A: This question concerns whether property owned by one of the parties should be included in the marital estate for purposes of the court’s property division. Generally, property is “separate” if it was acquired before the marriage, or by gift or inheritance at any time. Sometimes, one or more items of property “mutate” to another item or items of property. “Separate Property,” once proven to be such, is excluded from the marital estate unless it has been ‘co-mingled” with community property to the extent that it is no longer distinguishable from the community property.

There are a lot of tricky considerations concerning Texas Community Property Law, such as whether income from separate property is separate or community property, or whether the parties may agree between themselves to alter the character of certain items or classes of their property. An experienced Texas Family Lawyer can explain these issues to you.

Q12:  I have heard that the presumption in Texas is that the parents of a child should be appointed as “Joint Managing Conservators.” Does that mean that the parents split time with the children 50-50?

A: No. “Joint Managing Conservators” means that the parents share rights and duties to to their children. This means that both parents should be involved in the making of important decisions for their child, such as on school issues, and when a medical decision is needed. The “Standard Possession Order” awards possession and access to the children. And, it is presumed to be in the best interest of a child who is 3 years of age or older.

Q13: What is Managing Conservatorship (custody) and possession and access (visitation)?

A: In Texas, there is a rebuttable presumption that parents should serve as the Joint Managing Conservators of their children (see above). In Texas, “Conservatorship”is the equivalent of “custody” of the children. Those two terms are not identical in meaning. “Conservatorship” recognizes that parents have duties to care for their children, rather than merely the right to temporarily “own” them, such as with property.

The right to Joint Managing Conservatorship does not mean that each party will have the children one-half of the time. It also does not mean that child support will not be awarded to one parent. Joint Managing Conservatorship does mean that the parents will either share, allocate, or apportion parental rights and duties. In most cases, it also means that the child’s domicile must be established in the final Court orders, so that each parent will be able to be involved in the children’s lives. “Possession and access” speaks to when each parent has the right to visit with, and spend time with children from the marriage.

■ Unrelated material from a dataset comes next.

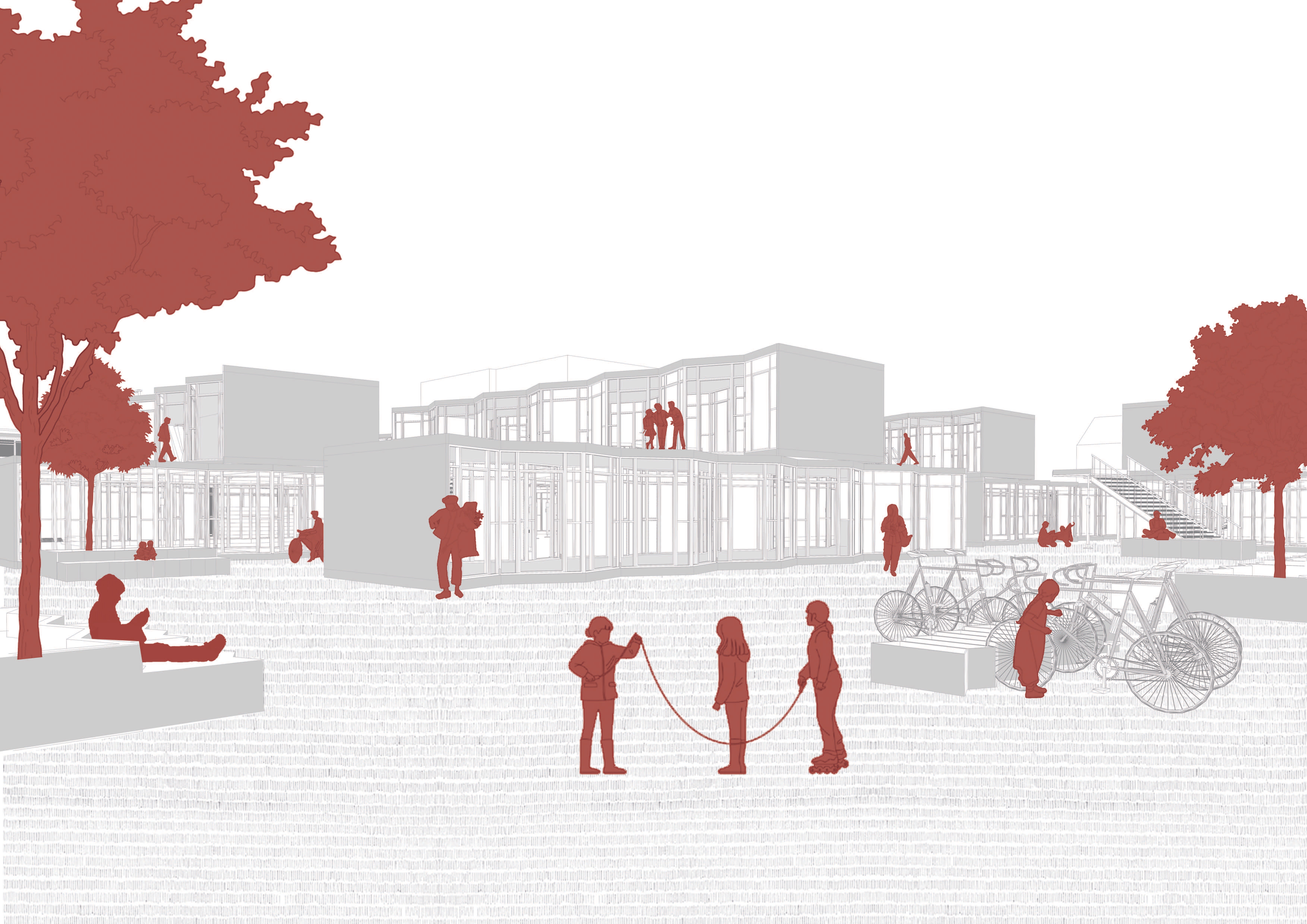ERSILIA. As Italo Calvino narrates in Invisible Cities, on many occasions, a building dies and all that remain are the memories of a yesterday, the stories of those who were there, the soul of something that was architecture and is now brick and mortar. Countless networks have been woven in Isola and now lie exposed to the elements, weakening, fading away. Ersilia recovers the value of those connections, of those bonds that unite lives, and of those spaces that surround them. Ersilia emerges to restore, reconcile, and be reborn. Filled and empty spaces from a yesterday shape the blocks that are still inhabited today. It is not necessary to detach from that, from the forms that still work. It would make no sense to move away from the compact block facing the courtyard that has brought so many neighbors together. It still works today, it still makes sense today. From the voids that stretch from Isola to the city, homes emerge that welcome those seeking the warmth of the neighborhood. Spaces connect, neighbors shake hands. Vegetation accompanies the routes and the rich views that are created. Every corner is a space of quality, of well-being. Isola reconnects, revives, and reconciles.

Q14:  If the parents cannot agree on conservatorship and access issues, on what basis will the court decide those issues?

A: These matters, like all of those pertaining to children, are based upon a finding by the court of the children’s best interest. As discussed above, the Texas Family Code contains a “Standard Possession Order” which is presumably in the children’s best interest. So, while the court does not have to follow that Order, that is where the discussion starts, and often, where it ends.

Q15: What is “child support?”

A: Child support is money paid by the non-custodial parent to the custodial parent in order to meet the needs of the children.

Q16: To what should the parties look for guidance regarding amount of child support to be paid? What standard will the court use if the parties cannot agree?

A: The Texas Family Code contains guidelines for the computation of child support. The guideline amount is presumably the minimum amount which should be awarded as support for the children. If any child has “Special Needs,” then additional child support may be awarded.

Q17: When does the duty to pay child support end?

A: Unless the child marries sooner than age 18, joins the military, or does something else to become “emancipated”prior to turning 18 years of age, child support orders continue until the child reaches age 18. But, if the child is in high school at age 18, support continues until high school graduation. If the child is disabled, it may be possible to continue child support for an indefinite period. Texas law makes no provision for support during college, or the payment of college expenses. But, the parties may provide for the payment of those expenses by contract.